Icarus was a precocious boy who flew too close to the sun; a thing so powerful that it would consume even the most brilliant inventor.  In true noughties style Dr Brian Greene (a man far too charming to be a scientist) has updated this classic Greek tale and turned our Icarus into a space traveling boy who dreams of exploring something even more dangerous than the burning star at the centre of our universe; a black hole. 

In a collaboration to wet even the most classically challenged fool (aka yours truly) Icarus at the Edge of Time combines a myriad of juicy talent.  Greene’s book has been turned into a multi-media extravaganza with a Philip Glass score, visuals by film-makers Al+Al and here performed by the incandescent London Philharmonic conducted by Marin Alsop with David Morrissey as narrator.  It is a star studded event brought to the Southbank Centre to mark the 350th anniversary of the Royal Society.

It’s always nice to be taken to something; usually it’s me dragging friends by their hair to performances.  This time I was the one being, if not dragged, then definitely taken by my usually reticent brother.  And I’m so glad he did.  Yes Greene falls too much in love with the positive potential of scientific discovery and the ending isn’t what it should be (this Icarus doesn’t perish, either in icy black silence or in fiery glory) but the mixture of science and art at play here is a potent one.

Introduced with an eloquence that would shame most professional speakers (and for all I know he is one) Greene starts by giving us a lesson in Einstein’s theory of relativity.  And you know what, not since Mark Steele put Jo Brand on a trampoline has it been so elegantly and simply explained to me.

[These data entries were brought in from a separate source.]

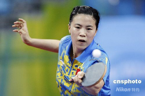 8月21日,北京奥运会乒乓球女子单打第四轮的比赛在北京大学体育馆进行,中国选手郭跃、王楠分别战胜对手晋级下一轮比赛。中新社发 盛佳鹏 摄
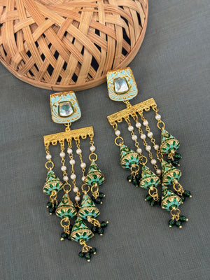 An elegant meenakari earring with the most stunning festoon. The perfect accessory for your occasion. This earrings are handcrafted with love
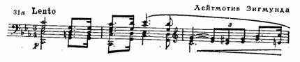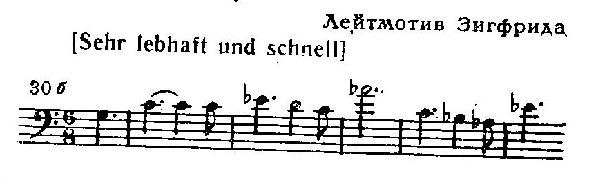 Второй мотив одновременно связан с лейтмотивом «жалобы Вель- зунгов», секстовый оборот которого рождает представление о широком скорбном вздохе. Этот «вздох», в свою очередь, содержится в лейтмотиве любви Брунгильды и Зигфрида:

Greene seems to think they teach this theory of bending time and space at primary school, but I must have been absent that lesson because this is a revelation to me. 

What follows is an amalgamation of narrative, music and film collage that, if it doesn’t quite reach the heights of Glass’ other film collaboration Koyaanisqatsi, still hits a pretty poignant holistic note.

The idea of mixing science and art is not a new one, although it’s still not seen as a natural marriage.  It seems to me like a much more instinctive cohabitation than with sport, the discipline which the Powers That Be have declared us to be bedfellows with.  It is often an unhappy union.  

However over recent years and in great scientific tradition we seem to be moving forward.  Institutes such as The Wellcome Trust Galleries and prominent practitioners such as Mick Gordon and Theatre de Complicite, to name but a few, are regularly combining both to create hybrid works of scientific (mathematic) and artistic discovery.  Icarus certainly did so beautifully, asking practical and philosophical questions that were awesome both spiritually and empirically. 

The wonderful institute Theatre Science’s cheerfully slogan says it all ‘Illuminating science and inspiring new theatre’; this is a burgeoning relationship that we should all be encouraging.